— Problem statement —
The task requires repeating, word for word, the lines from the one with "diciembre 18, 2024Daga" through the end of the material, leaving out all pictures.

— Data section —

%%

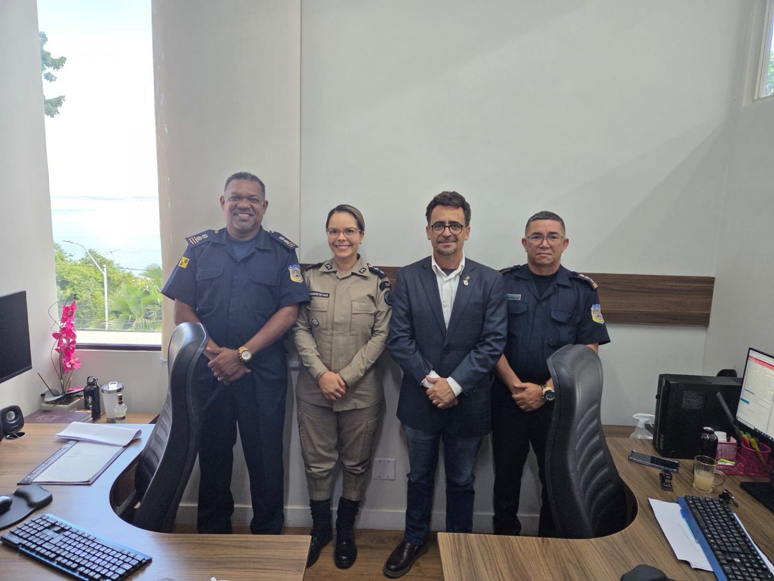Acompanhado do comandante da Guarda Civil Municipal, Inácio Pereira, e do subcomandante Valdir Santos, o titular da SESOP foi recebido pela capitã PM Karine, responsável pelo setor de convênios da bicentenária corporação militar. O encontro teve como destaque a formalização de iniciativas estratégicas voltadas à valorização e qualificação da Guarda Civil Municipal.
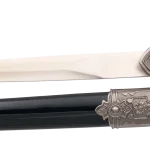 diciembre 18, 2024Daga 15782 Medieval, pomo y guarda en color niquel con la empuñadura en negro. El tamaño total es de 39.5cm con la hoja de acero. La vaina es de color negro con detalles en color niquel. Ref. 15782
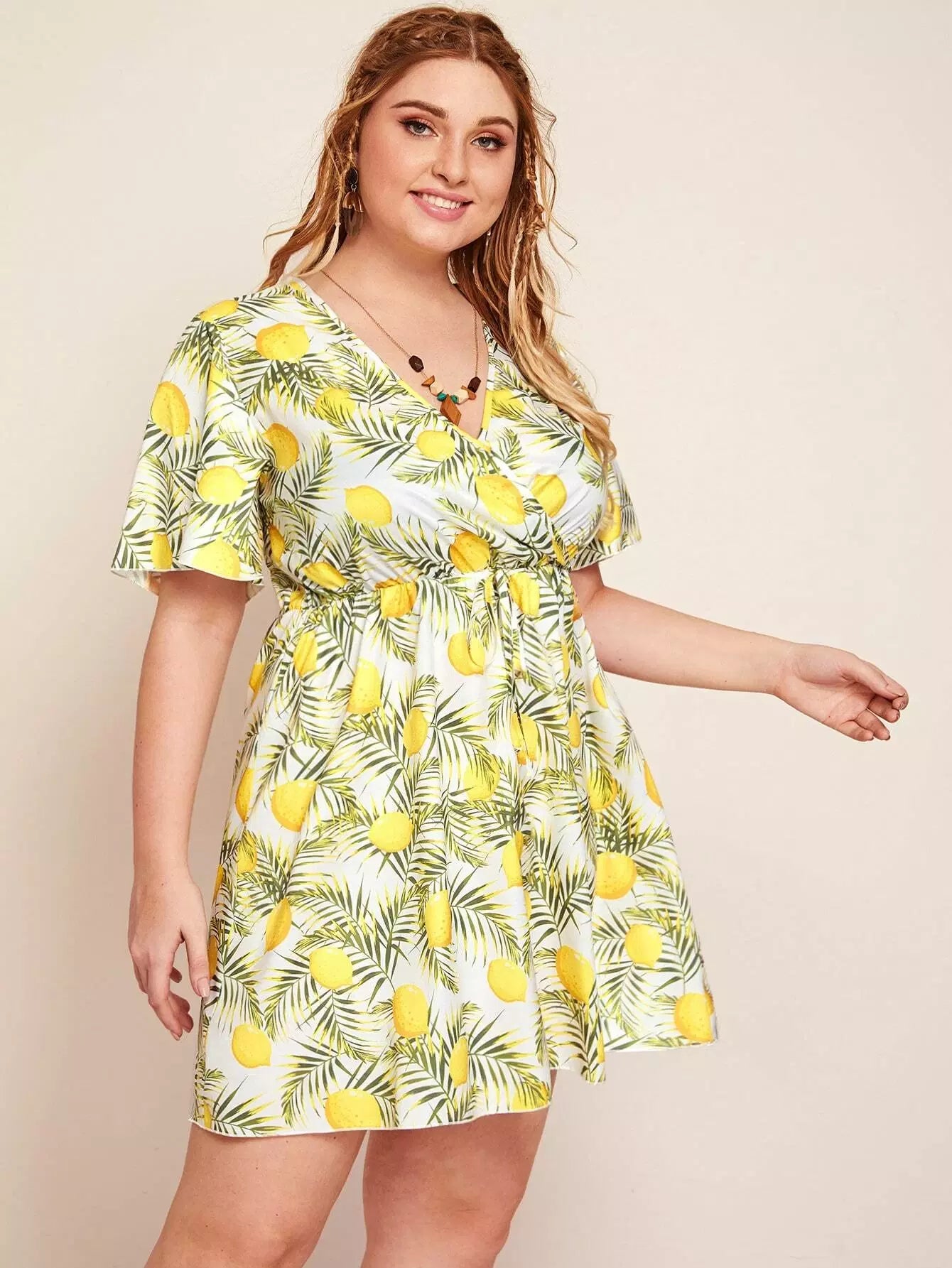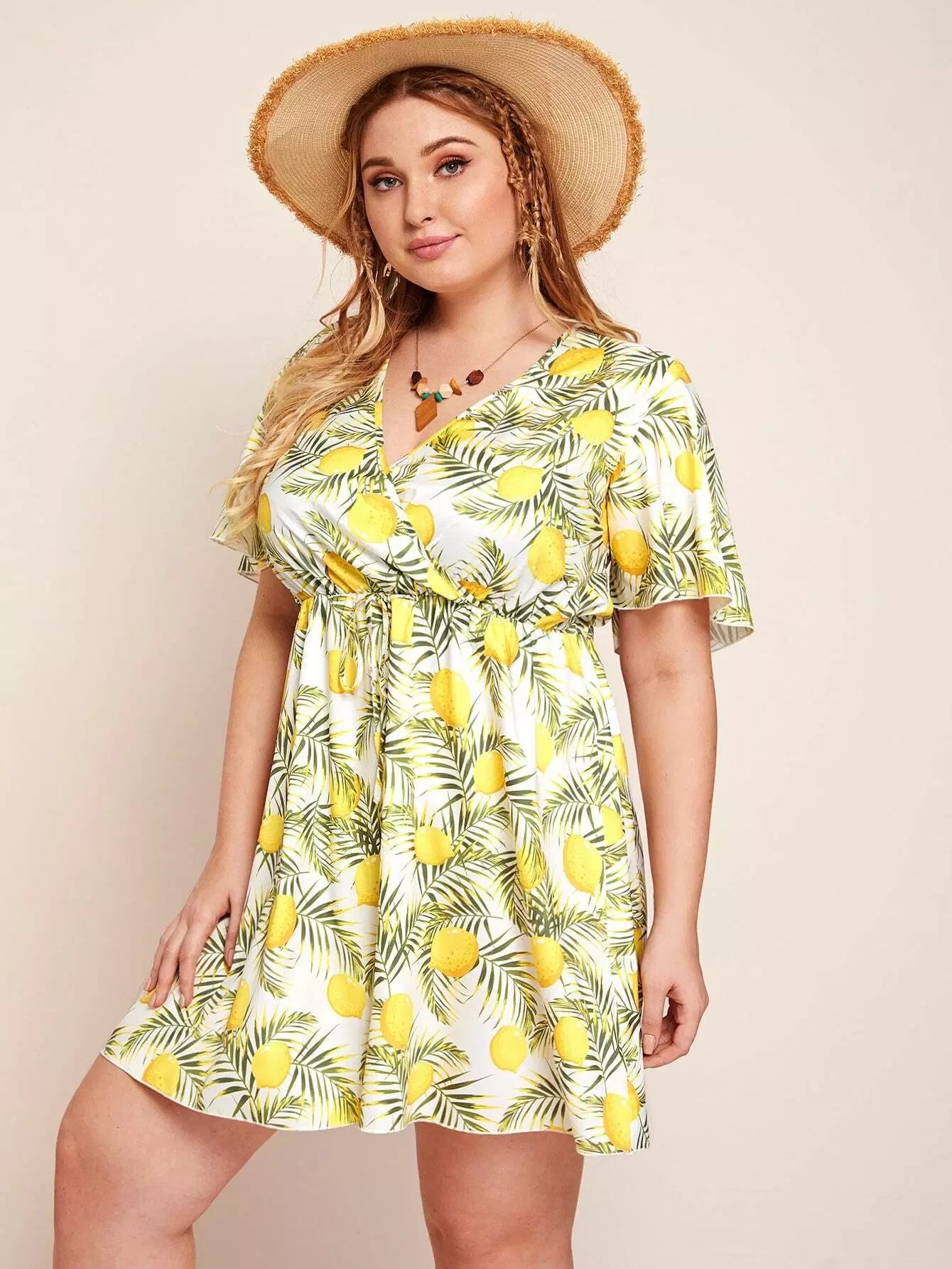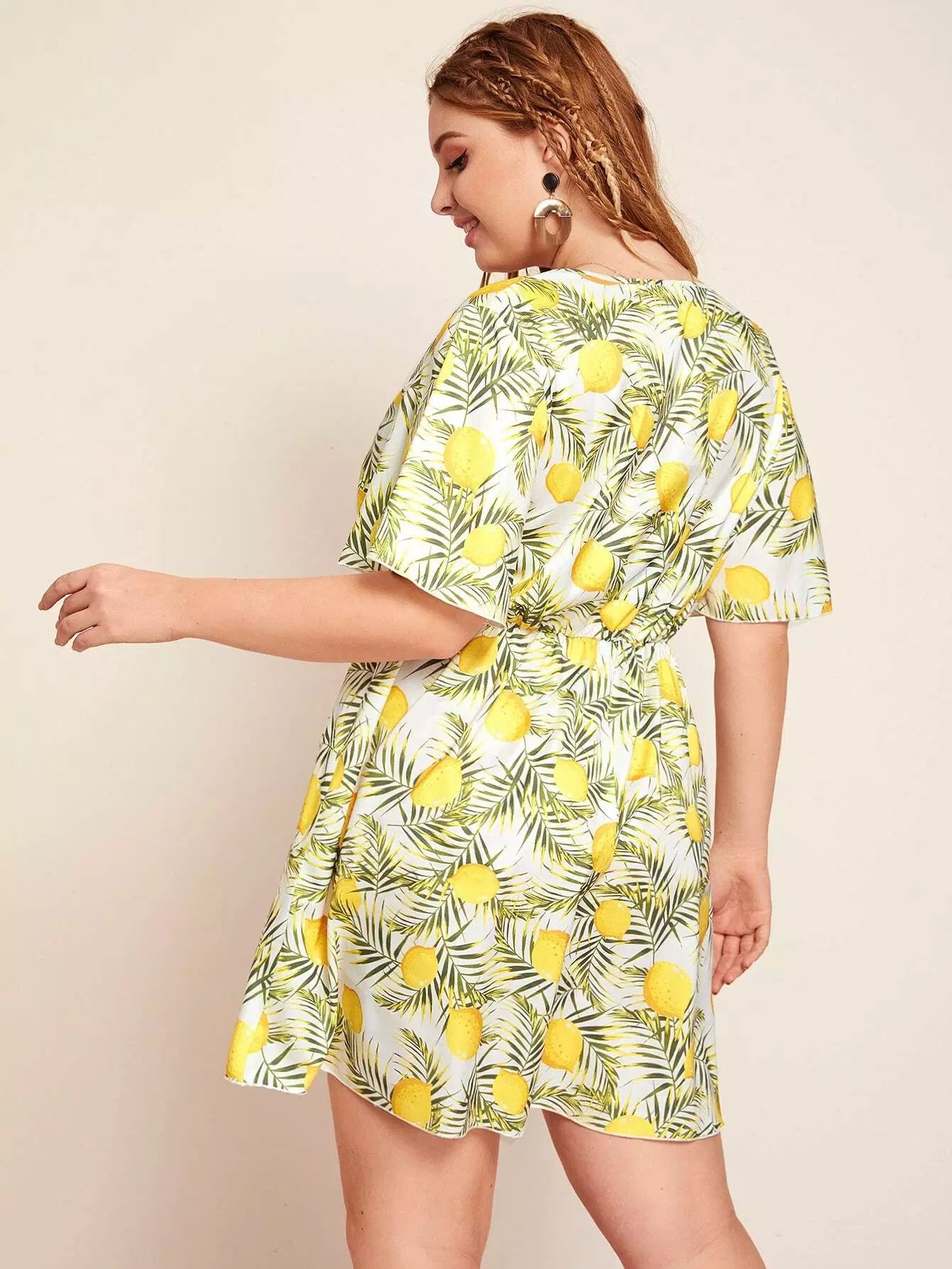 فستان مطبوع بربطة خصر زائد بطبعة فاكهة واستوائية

%%

— Response for this exercise —
 diciembre 18, 2024Daga 15782 Medieval, pomo y guarda en color niquel con la empuñadura en negro. El tamaño total es de 39.5cm con la hoja de acero. La vaina es de color negro con detalles en color niquel. Ref. 15782
 فستان مطبوع بربطة خصر زائد بطبعة فاكهة واستوائية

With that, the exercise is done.